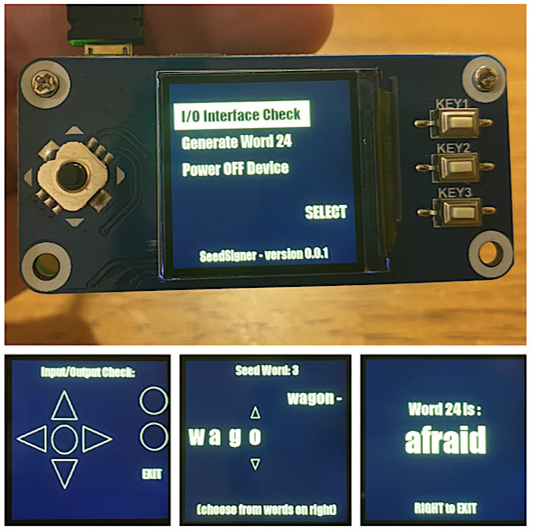 Builders purchasing their own components should be ensure the display + controls module they order has the 240x240 pixel designation, as Waveshare offers several display + control modules with similar hardware profiles, but that will not be compatible with the released SeedSigner software.
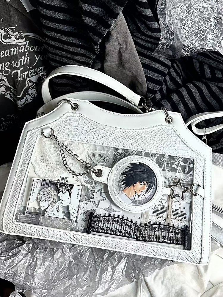 This elegant White PU Ita Shoulder Bag is a perfect blend of style and functionality for any kawaii fashion enthusiast. Crafted from high-quality PU leather, it offers durability and a sleek look. The bag features a transparent window for displaying your favorite pins, keychains, or small accessories, allowing you to personalize and showcase your unique style. Its spacious interior is ideal for carrying daily essentials.Whether you're heading to a convention, a casual outing, or just want to add a touch of adorable charm to your outfit, this ita bag is a must-have accessory for any kawaii lover.
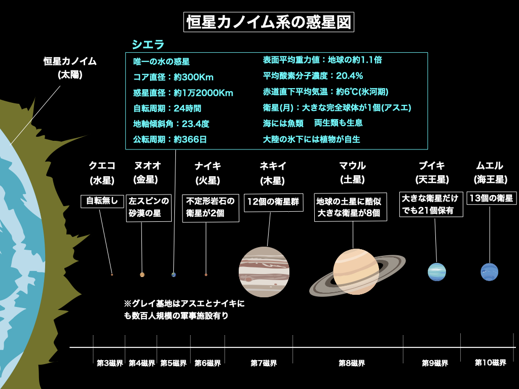 恒星カノイムの第9磁界を公転するのが、第七惑星(天王星)である「ブイキ」です。ブイキの質量は天王星とほぼ一緒ですが、傾斜軸のズレは少なく公転面に対しては約20度(天王星は96度の傾斜)ほど傾いています。自転周期は約12時間であり、カノイム系の中では4番目に大きな惑星です。衛星数は多く大きな衛星だけでも21個ほど確認できます。恒星カノイムの第10磁界を公転しているのが最終惑星である第八惑星(海王星)の「ムエル」です。この星も地球の海王星と良く似ており、ネキイとマウルに次ぐ大きさであり、ブイキよりも少し大きな惑星です。自転周期は9時間、衛星数は13個です。以上が恒星カノイムの構成ですが、冥王星の様な捕獲惑星は存在せず、至って標準的な惑星構成でしょうか。さて、恒星カノイムの唯一の「水の惑星」である第三惑星の「シエラ」ですが、完全球体の月(アスエ)を一個抱くこの惑星の現在の物理情勢は、コア直径は約300km、惑星直径は約1万2000km、自転周期は24時間、地軸の傾斜角は23.4度、公転周期は約366日、表面平均重力値は地球の約1.1倍、平均酸素分子濃度は20.4%、赤道直下の平均気温は約6度C、赤道以外の海は氷で閉ざされている状態です。赤道直下でも地球の北極圏と遜色の無い気温でしょうか。グレイ基地は「シエラ」以外にも、月(アスエ)と火星(ナイキ)に数百人規模の軍事施設があります。尚シエラ基地に関する具体的な情報は「2022年11月19日付け」のブログ(セジス・グレイの基地配置: その2)を参照にして頂ければと思います。
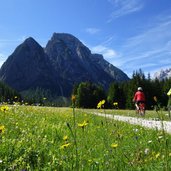 It is not without reason that this area is one of the most beautiful in the Dolomites of the Val Pusteria valley. Now the descent follows the asphalted mountain road down to Ponticello in Braies Vecchia. We continue on the Via Braies road to the exit of the valley, where we turn into the "Pusterbike" Cycle Path towards Dobbiaco. Comfortably and smoothly uphill we cycle the last kilometres of our round trip which leads us back to our starting point again.
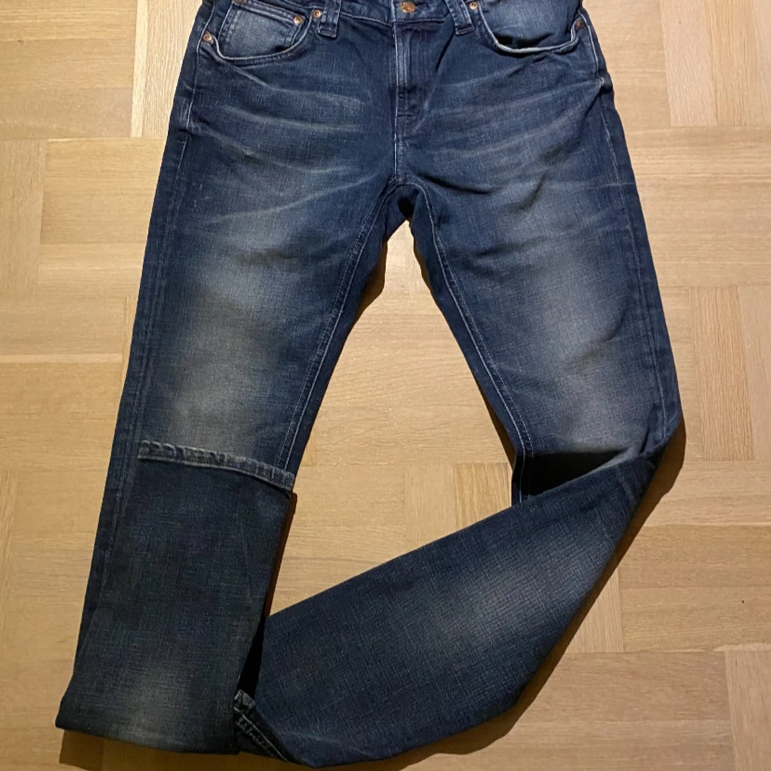 Jag säljer ett par riktigt snygga jeans från nudie jeans🙌 || De är i mycket gott skick!|| L-32 W-30|| Kontakta mig om fler frågor😉||
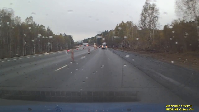 Трасса "Екатеринбург-Челябинск". Не менее 40 автомобилей пострадали от действий дорожных рабочих, ремонтировавших трассу. По сообщениям очевидцев, спецавтомобиль ехал по обочине навстречу потоку, со включенным распылением гудрона.
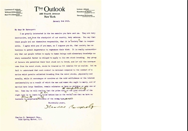 «تئودور روزولت» رئیس‌جمهور اسبق آمریکا در ۳ ژانویۀ ۱۹۱۳ طی نامه‌ای به «چارلز داونپورت» از بیولوژیست‌های برجستۀ آمریکایی و طرفدار ایدئولوژی اصلاح نژادی انسان‌ها می‌نویسد: «من شدیداً دوست دارم که انسان‌های نادرست به طور کامل از زادوولد منع شوند. این کار باید هنگامی که ماهیت شیطانی این افراد به اندازۀ کافی آشکار شد، انجام شود. جنایت‌کاران و افراد کم‌عقل باید عقیم شوند تا نتوانند فرزندی از خود به جای بگذارند. باید روی زادوولد افراد مطلوب تمرکز کرد.»
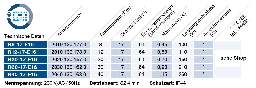 Becker - Sonnenschutzantriebe R8-E16 bis R40-E16 Serie R-E16 für Verriegelungssysteme
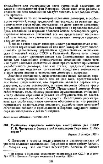 Сообщение народного комиссара иностранных дел СССР Г.В. Чичерина о беседе с рейхсканцлером Германии Г. Лютером. 2 октября 1925 г. // Печат. по сб. «Документы внешней политики СССР», т. VIII. М., 1963, стр. 558.
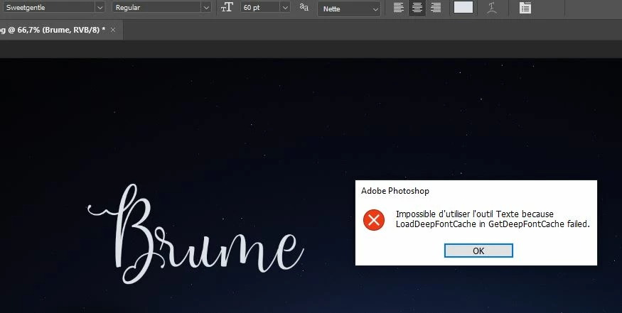 Bonsoir , j'ai un problème avec le choix de police sur Ps , il affiche qu'une police si l'on fait dérouler le menu pour afficher d'autre polices un méssage d'erreur apparaît . Avez-vous eu le problème et comment le corriger ? Merci
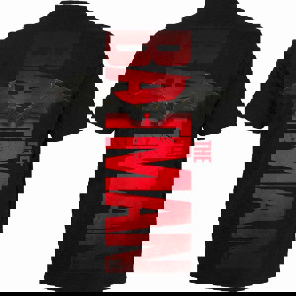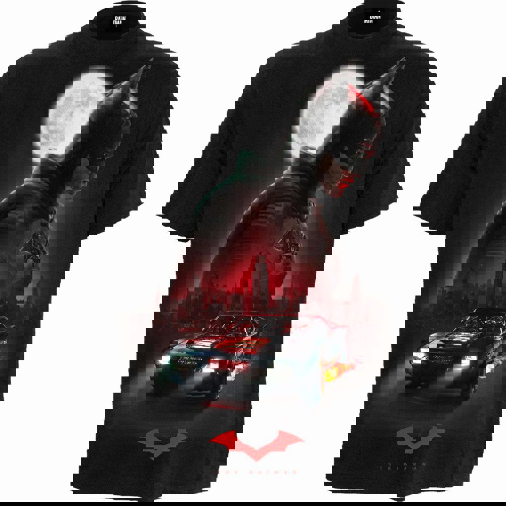 Official Licensed Product from the Warner Bros. DC Universe. A powerful montage image featuring The Batman underneath a full moon, with the Batmobile firing up its engine to prowl the streets of Gotham. Logo with metal bat wings on the back.
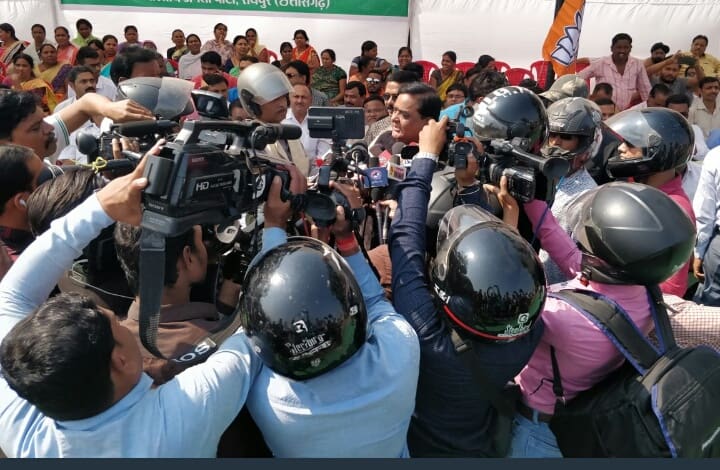 हेलमेट में पत्रकार: पांच दिन पहले रायपुर में भाजपा मुख्यालय के भीतर पत्रकारों की पिटाई के बाद से लगातार प्रदर्शन कर रहे पत्रकारों ने भाजपा नेताओं से बातचीत करते समय हेलमेट पहनना शुरु कर दिया है. @AmitShah @BJP4India @PMOIndia @bhupeshbaghel pic.twitter.com/SsnQ3mHRZ1
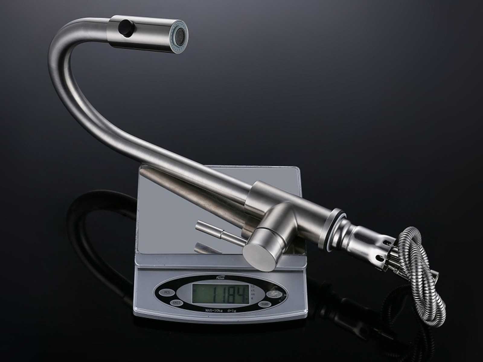 Materiaal 304 rvs, hoogte 42 cm, gewicht 2kg, voorzien van sproeikop met 2 functies, uitloop 360 graden draaibaar, waterslangen met aansluitmateriaal, sproeikop uitneembaar met extra lange flexibele waterslang LET OP: boven een bod van 50,- euro excl BTW en veilingkosten versturen we dit product gratis binnen de benelux naar u toe per post. Merk: Mawialux Model: Viola Kleur: RVS
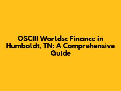 OSCIII Worldsc Finance In Humboldt, TN: A Comprehensive Guide
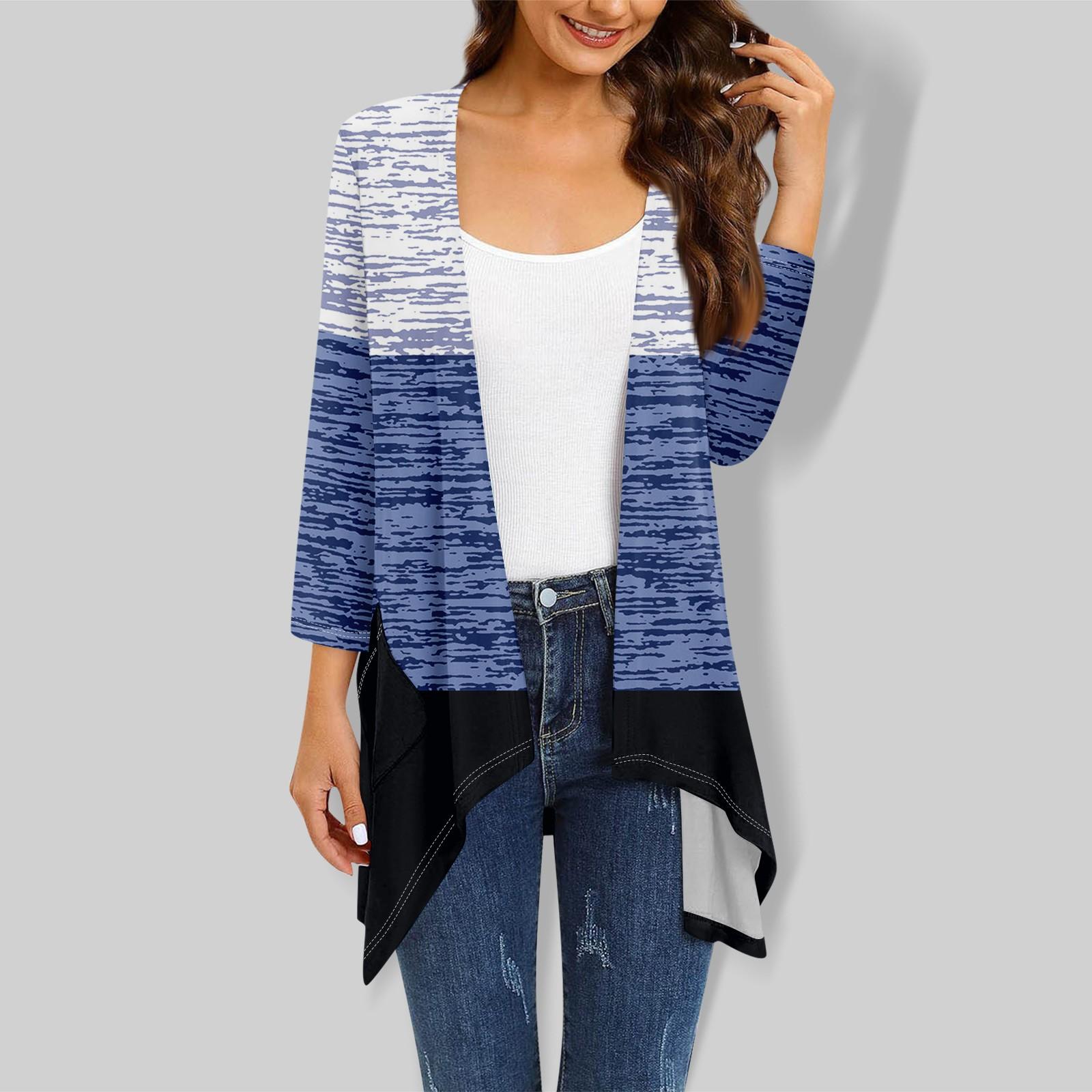 Женский кардиган с рукавом 3/4 и принтом, вязаный легкий кардиган с открытой передней частью и карманами XXXL
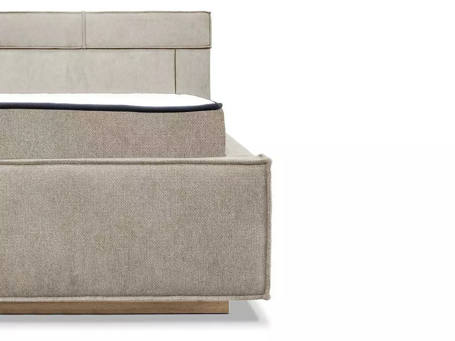 Леглото е изработено изцяло от 18мм лпдч и висок клас дамаска. Налично е в два цвята на тапицерията, а именно сив и бежов. Луб и табла са направени по-високи за допълнителен комфорт и визия. Може да пасне на всеки един интериор. Предвидена е за матрак с размер 1600 / 2000мм. Има възможност да се изпозлва, както с еднолицев, така и с двулицев матрак посредством ламелна рамка.

**EXERCISE:** What are the lines in the records above, word for word, from the one containing "Becker - Sonnenschutzantriebe" through the one containing "Bonsoir , j'ai", both ends included and pictures left out?

**SOLUTION TO THIS PROBLEM:**
 Becker - Sonnenschutzantriebe R8-E16 bis R40-E16 Serie R-E16 für Verriegelungssysteme
 Сообщение народного комиссара иностранных дел СССР Г.В. Чичерина о беседе с рейхсканцлером Германии Г. Лютером. 2 октября 1925 г. // Печат. по сб. «Документы внешней политики СССР», т. VIII. М., 1963, стр. 558.
 Bonsoir , j'ai un problème avec le choix de police sur Ps , il affiche qu'une police si l'on fait dérouler le menu pour afficher d'autre polices un méssage d'erreur apparaît . Avez-vous eu le problème et comment le corriger ? Merci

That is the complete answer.